Esta falta de conocimiento científico en la antigüedad, desde luego, no ha sido obstáculo para la aplicación y desarrollo eficaz de la acupuntura en los tratamientos del dolor. Desde una cefalea crónica, hasta un lumbago, un ataque de ciática o una neuralgia de trigémino o aquella provocada por un herpes Zoster, dolores secundarios a un pinzamiento lumbar o a una hernia discal, una migraña, un hombro doloroso , un codo de tenista, una contractura muscular, un esguince, una contusión hasta la tan temida fibromialgia.
Cualquier dolor agudo o crónico puede ser tratado con éxito con acupuntura. Aunque en cada caso habrá que hacer una valoración individual y minuciosa.

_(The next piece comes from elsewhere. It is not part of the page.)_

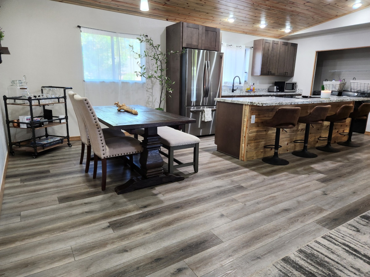 Opustite se u ovoj boho brvnari 5 minuta od jezera, prepunoj udobnosti, okruženi parcelama drveća sa svih strana! Dve luksuzne spavaće sobe sa bračnim krevetom, svaka sa mirnim radnim prostorom i dušekom od14inča. Treća soba sa igračkama, knjigama i 6 neverovatnih ugrađenih kreveta sa vrhunskim beddysima za ugodan san. Prostrana sjajna soba, sa udobnim kaminom i trpezarijom za više od10 osoba. Dovoljno kuhinje, sa ostrvom i ostavom, uključujući sadržaje doma. Plus garažna igraonica - pong, stoni fudbal i košarkaške igre! Odmorite se i napunite baterije!

En China uno de los avances más revolucionarios de la medicina fue la aplicación de la acupuntura en la anestesia quirúrgica, creando la acupuntura anestésica, que allí se utiliza regularmente en algunas operaciones de cirugía.

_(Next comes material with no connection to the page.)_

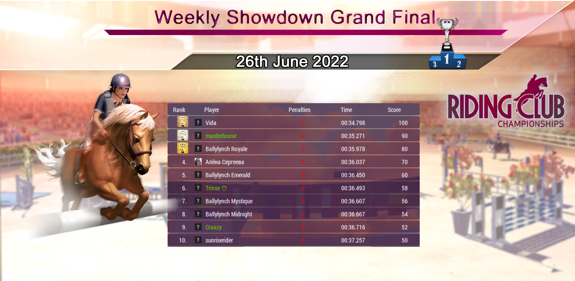 Huge congratulations to our Weekly Showdown Grand Final Winner, Craazy who wins with a great round! Our course this week produced a hard fought Grand Final, with 5 riders going clear. Congratulations to everyone who made it through and did so well :)

La primera vez que yo pude comprobar, con mis propios ojos, como una paciente era sometida a una operación de cesárea y con el abdomen abierto, permanecía despierta hablando con las enfermeras sin ningún gesto de dolor mientras le extraían el niño; no podía creerlo.

En España estamos todavía muy lejos de esta realidad ya que la acupuntura anestésica tan solo se usa en algunas clínicas dentales para pacientes alérgicos. Y tal vez nunca la alcancemos mientras no se avance hacia la normalización de esta ciencia como especialidad médica y pueda ser aplicada en los hospitales.
Pero al menos, nos queda la seguridad de contar con una eficaz arma para luchar contra el eterno problema del dolor en el ser humano.